Medical Director I - Oncology - Remote
Premier Research helps highly innovative biotech and specialty pharma companies transform life-changing ideas into reality, targeting unmet needs in analgesia, neuroscience, oncology, pediatrics, and rare diseases.
We’re looking for an exceptional Medical Director I to bring your passion to our team. You will be encouraged to grow professionally and personally while enjoying cross-functional partnerships with genuinely supportive colleagues, regardless of location or seniority. Most importantly, you will be using your skills to bring tangible hope to critically ill patients around the world.
At Premier Research, we are science-minded and heart-centered. Join us.
We are looking for the best of the best!
The Medical Director – Oncology is responsible for providing the medical and ethical input and oversight for Oncology studies conducted by Premier Research. Strategic responsibilities include design and execution of clinical development plans for oncology products, from preclinical research through Phase I/II/III/IV clinical trials; engaging in medical dialogue with scientific and medical leaders for clinical data generation/interpretation/publication, managing effective relationships with Key Opinion Leaders and supporting Business Development activities.
This position offers an opportunity to learn the ways of the Pharmaceutical industry for oncologists without such experience.
Note: This position is home-based with a flexible work schedule and limited travel requirements.
You'll be doing:
- Collaborate with other physicians, scientists, clinical trial operations, regulatory group, biostatisticians and others as necessary to plan and execute clinical trials from beginning to end to ensure speedy initiation and timely completion.
- Assume medical responsibility for clinical trials including active participation in real-time medical monitoring of studies, patient eligibility assessment, study design questions and safety data review.
- Conduct safety monitoring in collaboration with CRO pharmacovigilance group of active clinical studies.
- Analysis, interpretation, presentation and publication of clinical study data.
- Collaborate with colleagues in Regulatory Affairs, CMC, Toxicology, Research, Pharmacology to respond to health authority and ethics committee queries.

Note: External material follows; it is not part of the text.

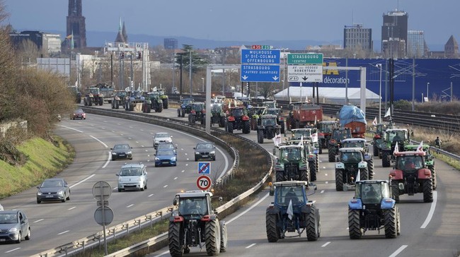 Para petani mengemudikan traktornya di jalan raya dekat Strasbourg; Perancis bagian timur, Rabu (24/1/2024). Para petani Perancis pada Rabu melakukan protes di seluruh negeri dan di Brussels menentang upah rendah dan peraturan yang berlebihan, kenaikan biaya dan masalah lainnya. AP/Jean-Francois Badias

- Participate in clinical study report writing and review, using medical expertise to identify ways to best analyze and present data
- Contribute clinical expertise and content to regulatory documents (e.g. briefing books, INDs, NDAs, etc.) and represent Clinical team in discussions with Health Authorities
- Collaborate with Principal Investigators in the evaluation and assessment of publications (abstracts, posters, manuscripts) associated with clinical data.
- Network extensively to develop long-term strategic partnerships with thought leaders both internally and externally, in support of the company’s vision.
- Represent the company at medical meetings, advisory boards and outreach meetings as needed/appropriate
- Prepare/present educational materials for internal and external customers
- Support Business Development activities.
- MD with board certification or board -eligible in medical oncology, hematology or radiation oncology
- Academic oncologists with clinical and research experience are preferred, industry experience is not necessary, but appreciated.
- Experience in protocol development, medical review, oversight of study conduct, running trials, key stakeholder engagement, data quality, safety as well as good working knowledge of the clinical drug development process are desired.
- Successful academic research publication history or history of medical practice in Oncology
- Fluency in written and spoken English with excellent communication skills is required.